Holmes, Oliver Wendell, 1841–1935, American jurist, associate justice of the U.S. Supreme Court (1902–32), b. Boston; son of the writer Oliver Wendell Holmes. He served (1861–64) with distinction in the Civil War, took a law degree at Harvard (1866), and began practice in Boston in 1867. Holmes taught (1870–73) constitutional law and jurisprudence at Harvard while editing the American Law Review and the 12th edition (1873) of Kent's Commentaries. In 1880, Holmes delivered a series of lectures on common law at the Lowell Institute. In them he attacked prevailing views of jurisprudence and proposed new conceptions of the origin and nature of law. He maintained that the law could be understood only as a response to the needs of the society it regulated, and that it was useless to consider it merely a body of rules developed logically by legal theorists. With the publication of the Lowell lectures in 1881, Holmes achieved international recognition. He became (1882) professor of law at Harvard and several months later was appointed to the Massachusetts supreme judicial court. There he served for 20 years, becoming chief justice in 1899. He was appointed to the U.S. Supreme Court by President Theodore Roosevelt in 1902.

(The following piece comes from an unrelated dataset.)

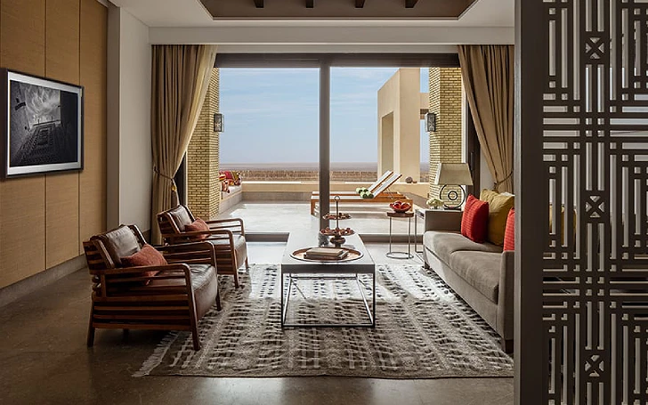 Situé dans le désert, ce somptueux havre de paix se compose de deux chambres avec salle de bains attenante, ouvrant sur un salon central. À l'extérieur, la terrasse vous permet de prendre votre repas en plein air, servi par votre majordome. Parmi tous les hôtels de luxe en Tunisie, The Mora Sahara Tozeur vous invite à vous prélasser au bord de la piscine, avant de vous promener au coucher du soleil. Lire plus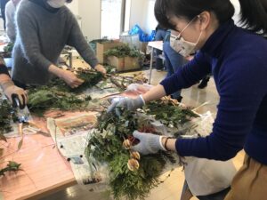 できたスワッグは皆個性的で、それぞれのお家の玄関が賑やかになりそうです。来年もまた新しいメンバーも迎つつ楽しい花いっぱいプロジェクトにしたいと思います。

The canons of Holmes's judicial faith were strict and demanding. He preached “judicial restraint” and firmly believed that popular majorities through their elected representatives should not have their will thwarted capriciously; when his colleagues on the court nullified social legislation—e.g., minimum wage and hour laws—as unconstitutional, Holmes vigorously objected. From his eloquent opinions in these cases he came to be regarded as the Great Dissenter. In cases dealing with free speech, however, Holmes felt it necessary for the judge to loose the bonds of restraint and prevent legislatures from assuming censorious powers. In defense of the First Amendment, he developed the “clear and present danger” rule, which allows for restrictions only when the public interest is faced with immediate threat. Set forth in the Abrams and Gitlow cases in dissenting opinions, the rule was generally accepted by the Supreme Court. Holmes's published works include The Common Law (1881), Speeches (1891, 1913), and Collected Legal Papers (1920).
See biographies by M. D. Howe (2 vol., 1957–63), S. Bent (1932, repr. 1969), and S. Budiansky (2019); S. J. Konefsky, The Legacy of Holmes and Brandeis (1956, repr. 1974); F. Frankfurter, Mr. Justice Holmes and the Supreme Court (2d ed. 1961); A. W. Alschuler, Law without Values: The Life, Work, and Legacy of Justice Holmes (2000); T. Healy, The Great Dissent (2013).